Danijel tugged at my dress. “Do you see it?” he asked. “Michal says they are always in pairs. But I can’t find the other one.”
I did not doubt the truth of Michal’s information, but the Americans must have had millions of their little flying sensors deployed around the world, and it had to happen that such things would find themselves alone once in a while.
Danijel continued breathlessly. “This means they are watching us, doesn’t it? Do you think he will come here? The soldier. Is he angry with me? Will he kill me?”
“He won’t come here,” I reassured him. “This is just an ordinary bird. It’s probably just malfunctioning.”
“But why would he come here, to our farm?”
“If his navigation system is broken, he might have flown off course, losing his mate. He landed here until they can collect him for repair, that’s all.”
But no one came to collect him, and the bird did not leave his perch. He sat there, unmoving, day after day, seemingly content to watch an empty field.
When the men from the government came, they arrived in a small motorcade. The three shiny black sedans from the pre-Transition era rolled into town and, when inquiries had been made, found their way to our farm. Of the dozen men who arrived, six stayed with the cars and six went as far as the front gate; only four came to the door, and only three came inside. Their names, their positions, and their ministries were never revealed to me—I was not invited to participate in the conversations—but I took to calling them the Accountant, the Lawyer, and the Politician.
Mother invited the government men in, and served them coffee while Danijel ran out to retrieve father. The Lawyer and the Accountant quietly sipped their coffee while mother chatted with the Politician about the year’s expected harvest. When Danijel returned—alone—he reported that father was too busy to spend the day talking to anyone, and suggested that the men return when there was not “real work to be done.” This seemed to provoke a sense of outrage from the Lawyer and the Accountant, who blustered for a few moments while looking to the Politician for guidance.
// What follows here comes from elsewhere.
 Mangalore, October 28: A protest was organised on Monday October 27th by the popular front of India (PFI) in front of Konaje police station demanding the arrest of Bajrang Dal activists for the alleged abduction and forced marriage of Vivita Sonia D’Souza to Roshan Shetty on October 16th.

The Politician suggested that they return to town to freshen up and take their evening meal, and asked my mother when would be a good time to return. Mother assured him that my father would be here and happy to talk with them that night following our dinner. The Politician thanked her, and he and his companions filed out of our home, collecting their entourage as they went, and drove back to town.
When father returned late that afternoon, mother was making a cake to serve that evening, and she continued to do so even as father railed against the very idea of allowing the men into our home. According to him, mother’s cake would be better utilized feeding the pigs, and rather than talk to these men, his time would be better spent sharpening a stick with which he could poke out his own eye.
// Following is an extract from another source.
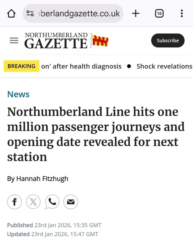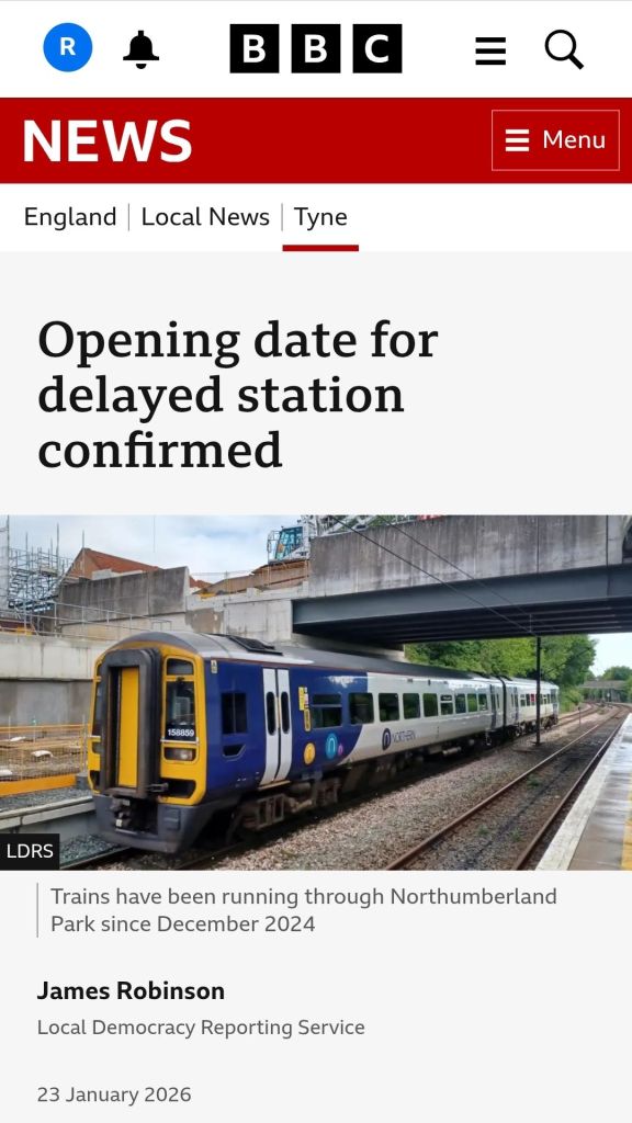 On Friday 23rd January 2026, an event was held at Blyth Bebside station to mark the millionth passenger journey on the Northumberland Line since opening just 405 days before on Sunday 15th December 2024, as shown in this article from the Northumberland Gazette.

The government men returned after supper and were seated with father and grandfather while mother busied herself serving cake and coffee and cleaning up. I was asked to take my brothers upstairs. The fact that I was an adult, and that Michal was perfectly capable of keeping Danijel corralled, did not give me cause for offense. I know I have trouble keeping my opinions to myself, and mother certainly did not need me complicating the situation. Her maneuvering to keep my father’s temper in check strained subtlety as it was.
Despite my mother’s presence, however, the yelling began almost immediately. While I could hear only the murmur of the Politician’s voice, my father’s words reached us clearly. Apparently the government wanted our land. Not all of it, just some of our land. But it was the most important part of our farm and we could not survive without it. (Though from what I later learned, they wanted just a strip near the river that was part of a muddy pasture we rented to a neighbor.)
Father ranted for quite a while about how bureaucrats do not understand how a farm works and that you could not just take pieces away without disrupting the entire operation.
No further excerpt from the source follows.